### [THE DATA]
────────

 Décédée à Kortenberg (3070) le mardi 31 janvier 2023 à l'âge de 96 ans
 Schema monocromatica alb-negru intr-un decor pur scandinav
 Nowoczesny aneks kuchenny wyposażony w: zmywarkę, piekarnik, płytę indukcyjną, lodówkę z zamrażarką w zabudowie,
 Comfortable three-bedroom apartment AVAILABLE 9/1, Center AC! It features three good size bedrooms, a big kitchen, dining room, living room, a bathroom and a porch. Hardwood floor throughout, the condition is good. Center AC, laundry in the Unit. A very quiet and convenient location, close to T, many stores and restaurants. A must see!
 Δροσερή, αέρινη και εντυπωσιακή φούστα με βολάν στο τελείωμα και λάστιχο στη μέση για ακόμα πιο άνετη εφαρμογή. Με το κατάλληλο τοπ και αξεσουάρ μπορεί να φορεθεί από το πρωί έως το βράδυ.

────────

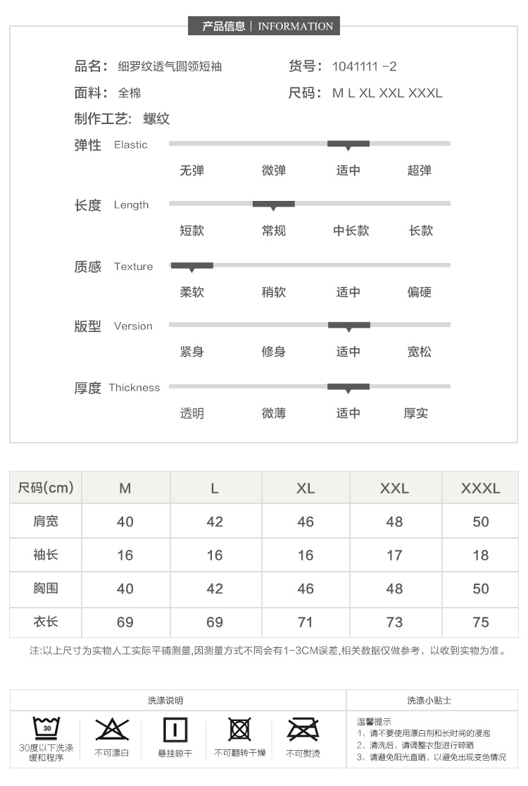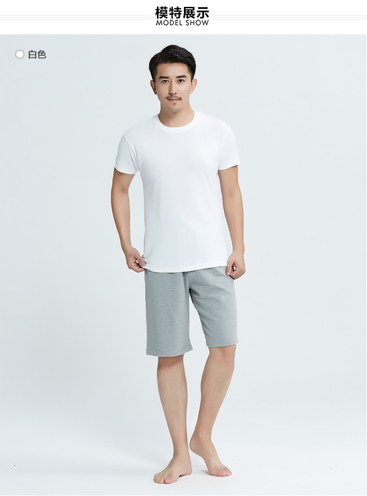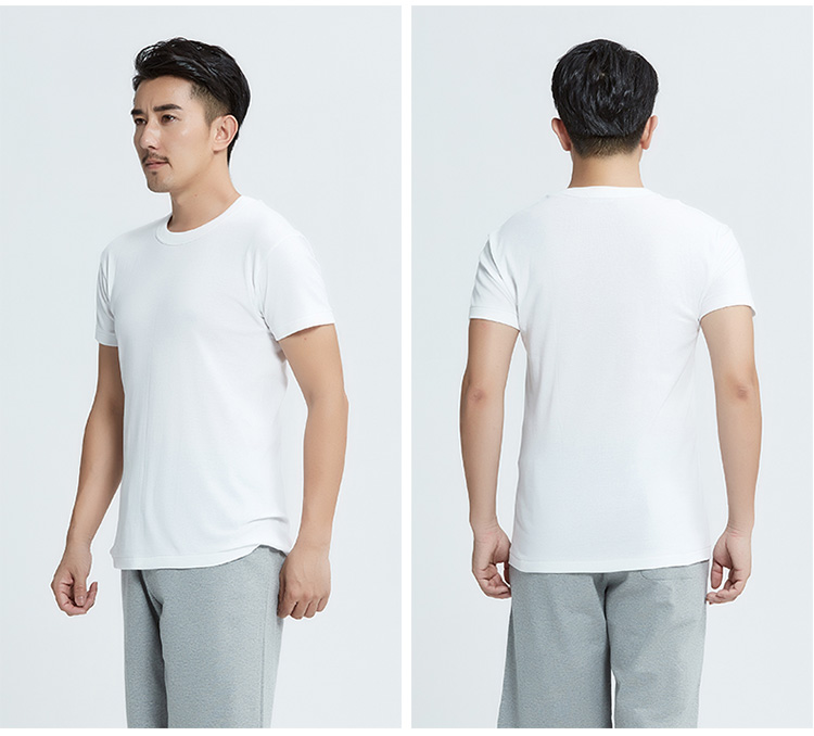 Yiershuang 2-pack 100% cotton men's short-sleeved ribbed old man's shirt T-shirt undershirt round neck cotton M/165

────────

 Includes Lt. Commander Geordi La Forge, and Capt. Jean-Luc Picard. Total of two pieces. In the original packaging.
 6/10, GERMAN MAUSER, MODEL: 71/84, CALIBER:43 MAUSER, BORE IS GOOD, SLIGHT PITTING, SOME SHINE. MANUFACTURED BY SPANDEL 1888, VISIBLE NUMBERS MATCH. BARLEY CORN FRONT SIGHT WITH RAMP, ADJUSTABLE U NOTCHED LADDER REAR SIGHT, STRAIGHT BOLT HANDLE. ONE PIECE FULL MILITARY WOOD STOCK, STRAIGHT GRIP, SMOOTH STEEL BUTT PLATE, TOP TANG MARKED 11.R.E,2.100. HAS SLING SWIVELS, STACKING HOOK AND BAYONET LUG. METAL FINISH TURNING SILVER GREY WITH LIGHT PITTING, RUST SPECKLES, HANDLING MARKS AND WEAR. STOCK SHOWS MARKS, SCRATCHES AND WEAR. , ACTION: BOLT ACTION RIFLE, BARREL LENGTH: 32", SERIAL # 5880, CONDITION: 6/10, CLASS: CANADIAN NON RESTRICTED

────────

### [REQUIREMENT]
Copy only this part of the entries above: the line with "Décédée à Kortenberg (3070)", the line with "Nowoczesny aneks kuchenny", and the lines between, all exactly as written.

### [RESPONSE BOX]
 Décédée à Kortenberg (3070) le mardi 31 janvier 2023 à l'âge de 96 ans
 Schema monocromatica alb-negru intr-un decor pur scandinav
 Nowoczesny aneks kuchenny wyposażony w: zmywarkę, piekarnik, płytę indukcyjną, lodówkę z zamrażarką w zabudowie,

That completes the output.